Please print the listing that follows word for word, but skip any pictures it holds.

Stored data |
■ ■ ■ ■ ■
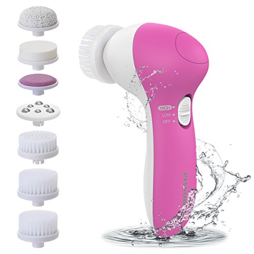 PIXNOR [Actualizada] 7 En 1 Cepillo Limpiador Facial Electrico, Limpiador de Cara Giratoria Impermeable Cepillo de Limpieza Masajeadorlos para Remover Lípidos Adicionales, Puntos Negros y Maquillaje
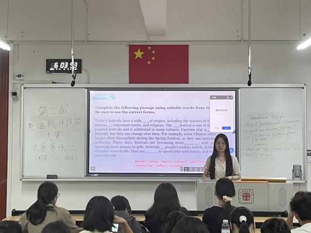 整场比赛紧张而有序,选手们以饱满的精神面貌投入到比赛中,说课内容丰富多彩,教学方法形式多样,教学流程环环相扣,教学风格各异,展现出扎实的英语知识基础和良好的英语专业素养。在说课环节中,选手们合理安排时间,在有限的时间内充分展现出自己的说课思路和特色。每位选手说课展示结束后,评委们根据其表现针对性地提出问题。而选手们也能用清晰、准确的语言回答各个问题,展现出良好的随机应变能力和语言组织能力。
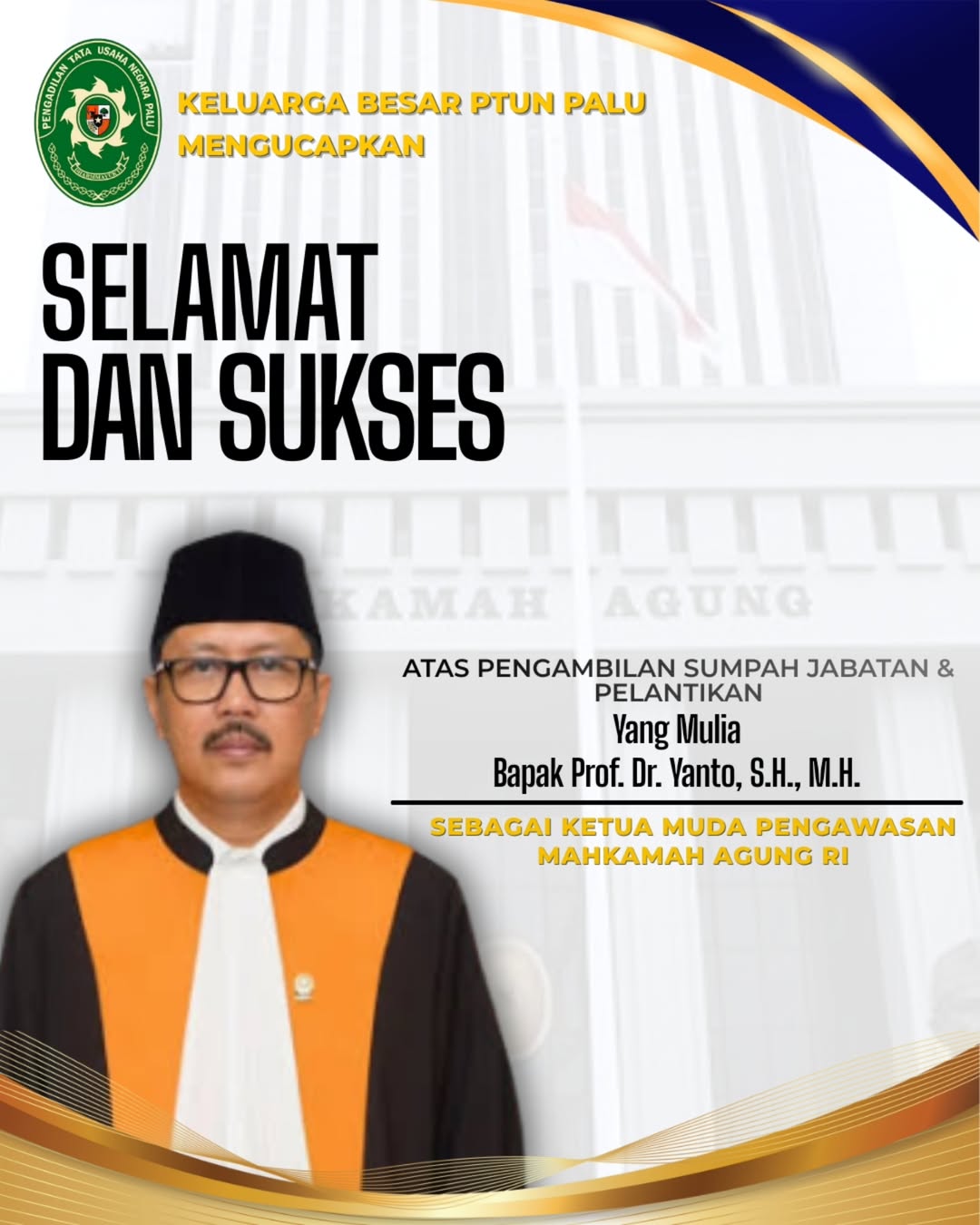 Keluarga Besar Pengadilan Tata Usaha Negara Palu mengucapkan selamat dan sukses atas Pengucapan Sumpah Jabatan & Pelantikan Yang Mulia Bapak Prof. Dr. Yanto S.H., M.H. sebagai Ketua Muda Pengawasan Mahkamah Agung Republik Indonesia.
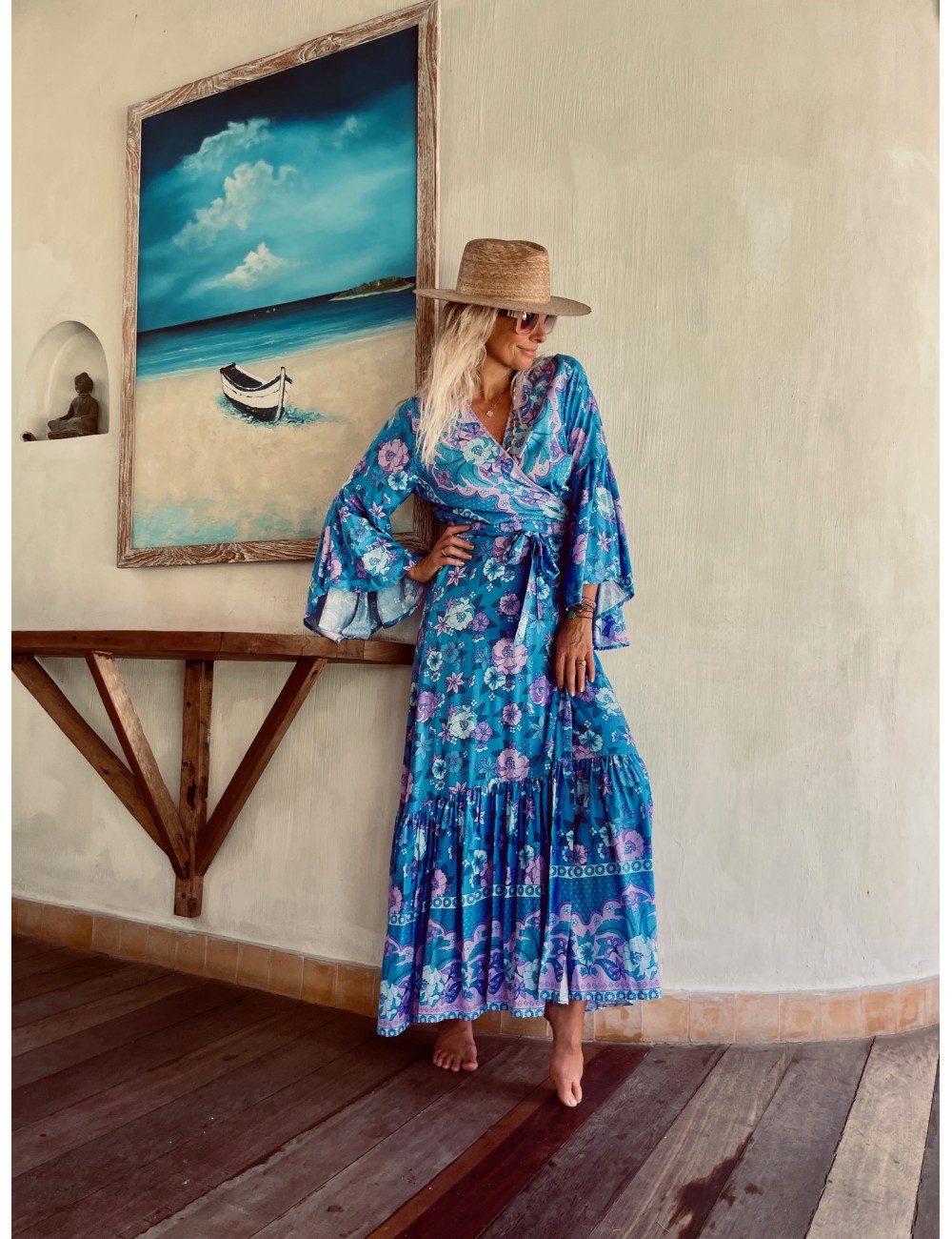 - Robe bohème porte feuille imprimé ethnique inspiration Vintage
■ ■ ■ ■ ■
Task result |
 PIXNOR [Actualizada] 7 En 1 Cepillo Limpiador Facial Electrico, Limpiador de Cara Giratoria Impermeable Cepillo de Limpieza Masajeadorlos para Remover Lípidos Adicionales, Puntos Negros y Maquillaje
 整场比赛紧张而有序,选手们以饱满的精神面貌投入到比赛中,说课内容丰富多彩,教学方法形式多样,教学流程环环相扣,教学风格各异,展现出扎实的英语知识基础和良好的英语专业素养。在说课环节中,选手们合理安排时间,在有限的时间内充分展现出自己的说课思路和特色。每位选手说课展示结束后,评委们根据其表现针对性地提出问题。而选手们也能用清晰、准确的语言回答各个问题,展现出良好的随机应变能力和语言组织能力。
 Keluarga Besar Pengadilan Tata Usaha Negara Palu mengucapkan selamat dan sukses atas Pengucapan Sumpah Jabatan & Pelantikan Yang Mulia Bapak Prof. Dr. Yanto S.H., M.H. sebagai Ketua Muda Pengawasan Mahkamah Agung Republik Indonesia.
 - Robe bohème porte feuille imprimé ethnique inspiration Vintage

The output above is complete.